Море соединяет континенты и людей, море – такое же серьезное понятие, как земля, смерть, жизнь и любовь.
Я привык думать о море как о разумном существе. Всегда кажется, что оно знает мои мысли и ведает мои намерения. Когда в детстве мама приучала меня верить в Бога, мне также казалось, что он, Бог, знает все, что сейчас во мне. И тут не солжешь. И когда много лет назад мне пришлось тонуть на разбитом корабле и страх сжимал душу, я вдруг понял, что море видит мой страх и это не нравится ему. Я ощутил это своей кожей. Как ощущаешь взгляд, который сверлит тебе затылок через замочную скважину. И постарался вытряхнуть из себя страх. И заорал, хлебая соленую холодную воду, какие-то дерзкие и богохульные слова…

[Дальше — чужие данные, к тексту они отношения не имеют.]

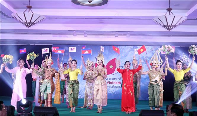 Tiết mục ca múa ca ngợi tình đoàn kết Việt Nam - Campuchia. Ảnh: TTXVN |

Оно умеет заглядывать в душу, это мокрое соленое существо, которое двигается вслед, которое не знает, что такое покой, которое никогда не может удобно улечься в жесткое ложе своих берегов.
Вот почему с глубоким, торжественным почтением снимаешь фуражку, прочитав в газете: «Во время шторма в районе Азорских островов погиб французский мореплаватель Рене Лекомб, который пытался в одиночку переплыть в небольшой лодке Атлантический океан. Рене Лекомб погиб на 68-й день своего путешествия».
В чем смысл его гибели? Человек всегда хотел доказать себе и всей природе свою великую роль и особую миссию. Часто люди даже не думают об этом. Спросите укротителя в цирке, в чем главный смысл его профессии. Он наговорит с три короба, но сам вряд ли понимает, что дело не в красоте зрелища, не в ритме номера, а в том, что человек, заставляя льва пятиться по буму и перебирать лапами на блестящем шаре, утверждает победу всечеловеческого честолюбия.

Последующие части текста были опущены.